*** Data for this task Section Begins ***

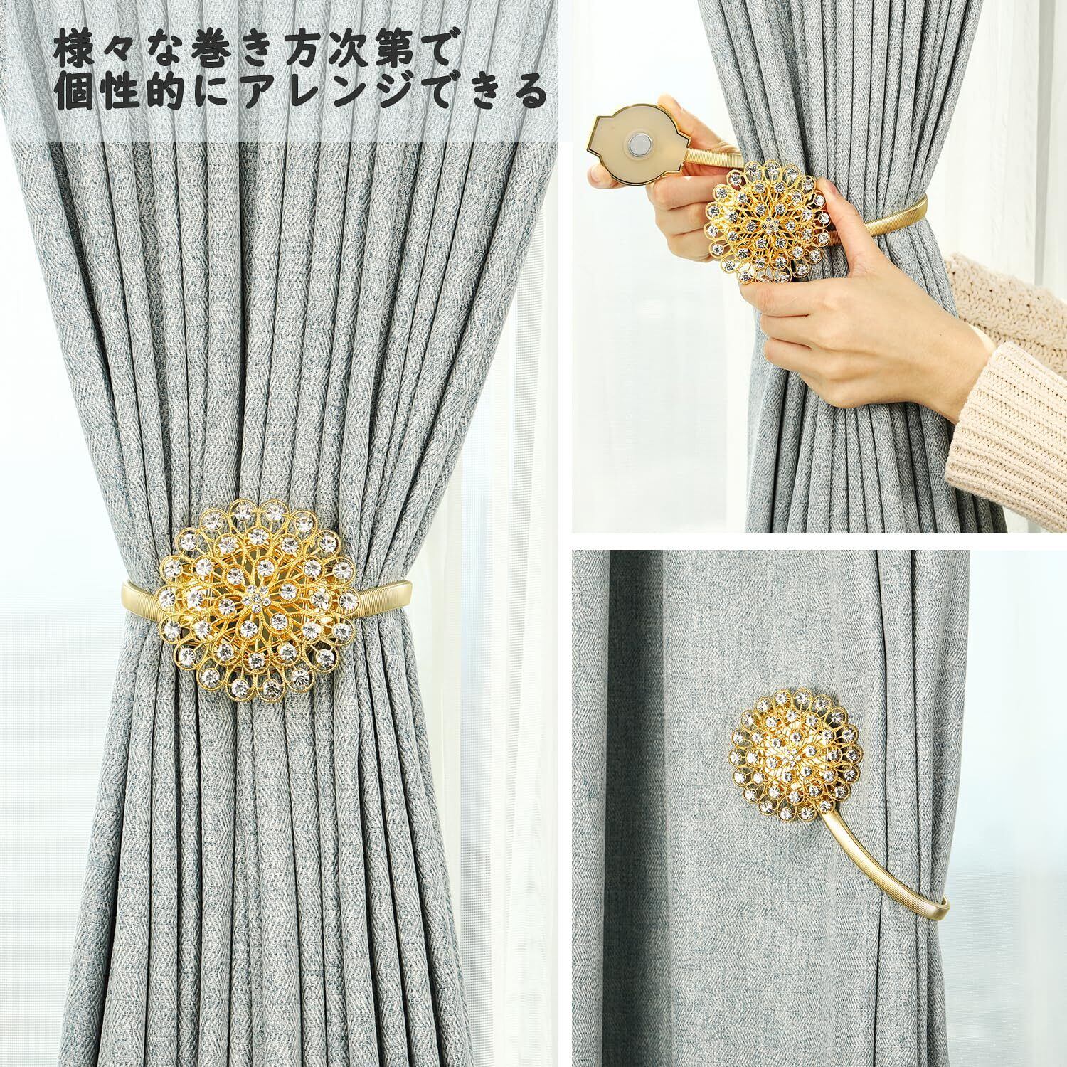 Lewondr カーテンタッセル 2つセット カーテン留め 窓掛け 房掛け マグネットタイプ クリスタル お花モチーフ アルミ合金製 飾り留め インテリア 部屋飾り クジャクのお花-ゴールド
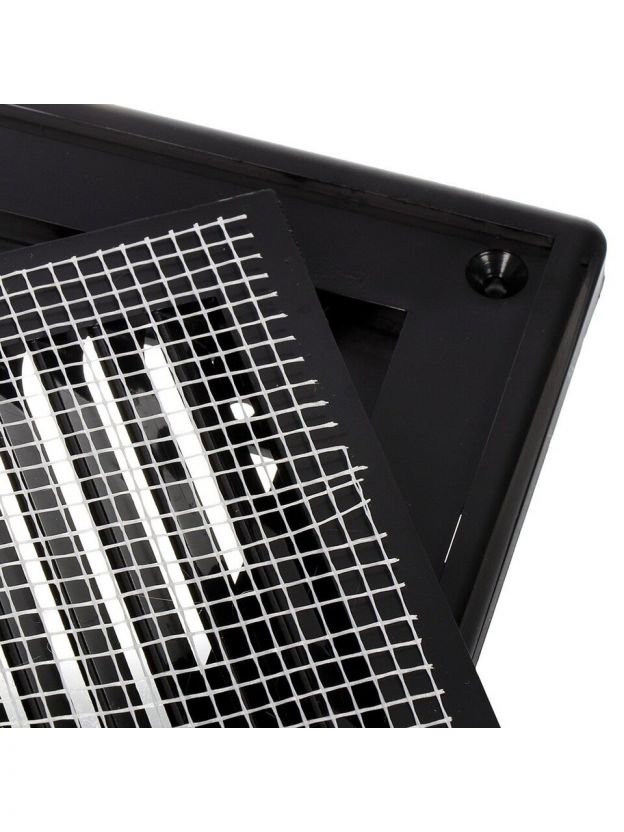 Решетка вентиляционная пластик, вытяжная, 150х150 мм, с сеткой, черная, Viento
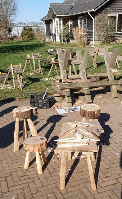 Er is ook wat meer tijd voor andere activiteiten en daar vertel ik jullie graag over. Er is een serie schilderlessen gegeven door Ans aan een groepje van 5 deelnemers. Zij hebben op toegankelijke wijze een portret geschilderd en vooral veel geleerd over 'kijken'. Verder heeft de hele groep een tweedaagse cursus hout bewerken gevolgd. Deze cursus werd gegeven door de mannen van VersHout uit Almen, en heeft mooie krukjes en lepels opgeleverd, maar was vooral heel erg leuk om te doen. En dan krijgen we binnenkort nog een les Do-In Yoga van Monique.
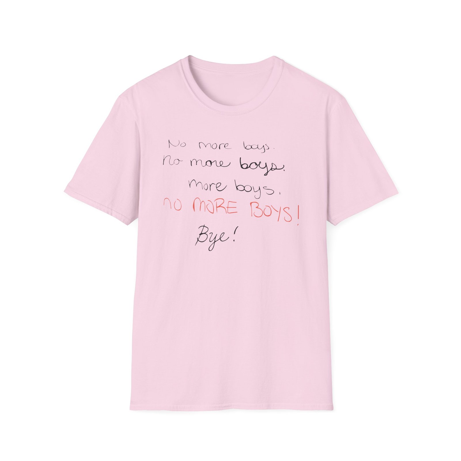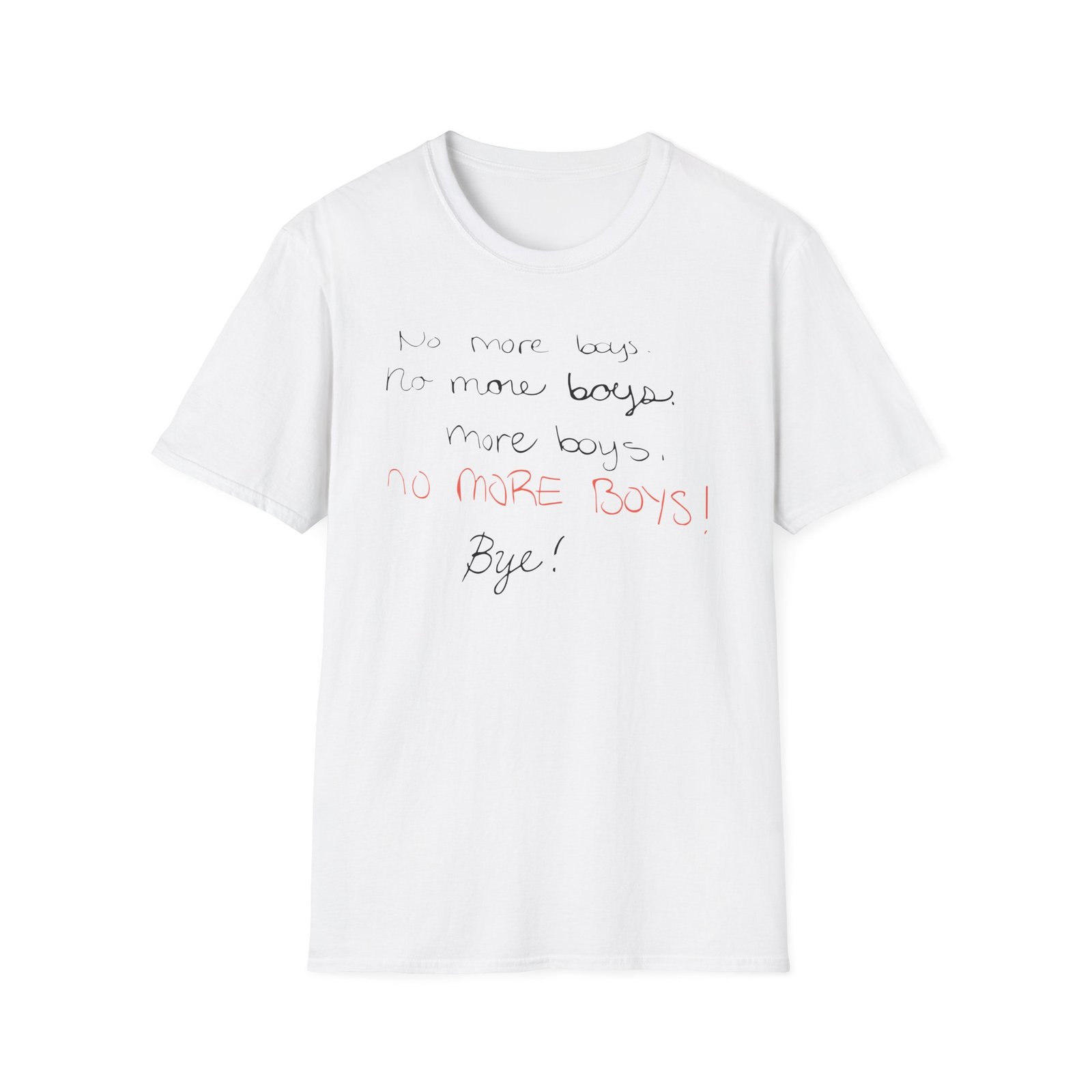 The Smosh No More Boys unisex soft-style t-shirt puts a new spin on casual comfort. Made from very soft materials, this tee is 100% cotton for solid colors. Heather colors and sports grey include polyester. The shoulders have twill tape for improved durability. There are no side seams. The collar is made with ribbed knitting to prevent curling damage.
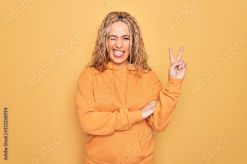 Young beautiful blonde sporty woman wearing casual sweatshirt over yellow background smiling with happy face winking at the camera doing victory sign with fingers. Number two.

*** Data for this task Section Ends ***

**What this task involves:**
Word for word, copy all the entries above, but with no pictures.

**Output of the exercise:**
 Lewondr カーテンタッセル 2つセット カーテン留め 窓掛け 房掛け マグネットタイプ クリスタル お花モチーフ アルミ合金製 飾り留め インテリア 部屋飾り クジャクのお花-ゴールド
 Решетка вентиляционная пластик, вытяжная, 150х150 мм, с сеткой, черная, Viento
 Er is ook wat meer tijd voor andere activiteiten en daar vertel ik jullie graag over. Er is een serie schilderlessen gegeven door Ans aan een groepje van 5 deelnemers. Zij hebben op toegankelijke wijze een portret geschilderd en vooral veel geleerd over 'kijken'. Verder heeft de hele groep een tweedaagse cursus hout bewerken gevolgd. Deze cursus werd gegeven door de mannen van VersHout uit Almen, en heeft mooie krukjes en lepels opgeleverd, maar was vooral heel erg leuk om te doen. En dan krijgen we binnenkort nog een les Do-In Yoga van Monique.
 The Smosh No More Boys unisex soft-style t-shirt puts a new spin on casual comfort. Made from very soft materials, this tee is 100% cotton for solid colors. Heather colors and sports grey include polyester. The shoulders have twill tape for improved durability. There are no side seams. The collar is made with ribbed knitting to prevent curling damage.
 Young beautiful blonde sporty woman wearing casual sweatshirt over yellow background smiling with happy face winking at the camera doing victory sign with fingers. Number two.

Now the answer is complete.